Outro dado importante apresentado pelo estudo é com relação a Internet, que é ausente em 178 unidades, somando as estaduais e municipais. Vale lembrar que das que possuem o recurso, nem todas dispõem da qualidade esperada, já que 973 não estão com o serviço de banda larga.

Informações detalhadas por rede

No caso das escolas da rede municipal de ensino de Mato Grosso, eram 377.830 alunos matriculados em 2020, sendo que das 1.498 escolas, 149 não possuíam internet (9,95%), 596 não tinham banda larga (39,7%), 41 não contavam com banheiro (2,74%), 35 estavam sem rede esgoto (2,34%), 8 sem água (0,53%), 26 sem água potável (1,74%), 25 sem energia (1,67) e 666 não tinham pátio ou quadra coberta (44,46%).

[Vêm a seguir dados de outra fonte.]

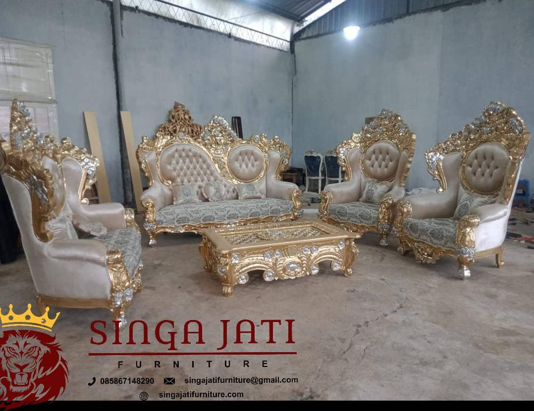 Sofa Ruang Tamu Sultan Ukir Jati Jepara Mewah Sofa ruang tamu sultan ukir jati Jepara mewah merupakan salah satu jenis furniture dengan detail yang indah dan elegan. Sofa ini bisa menjadi pilihan terbaik untuk menghiasi ruang tamu Anda. Sehingga tatanan interior yang terdapat di setiap sudutnya semakin rapi, hangat, dan mengesankan. Sofa Ruang Tamu Sultan… selengkapnya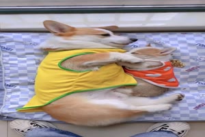 Wie liebevoll die Corgimutter mit ihrem Welpen umgeht. Total goldig.

Já no que se refere às 767 escolas da rede estadual, que contavam com 361.454 mil alunos matriculados, 29 não tinham internet (3,78%) e 377 não contavam com banda larga (49,15%), 17 não possuíam banheiro (2,22%), 33 estavam sem rede de esgoto (4,30%), 8 sem água (1,04%), 66 sem água potável (8,60%), 7 sem energia (0,91%) e 228 não tinha pátio ou quadra coberta (29,73%).

O que diz a Seduc?

A reportagem do LIVRE entrou em contato com a Secretaria de Estado de Educação para comentar as estatísticas, mas até o fechamento desta matéria não obteve resposta. O espaço continua aberto para manifestações.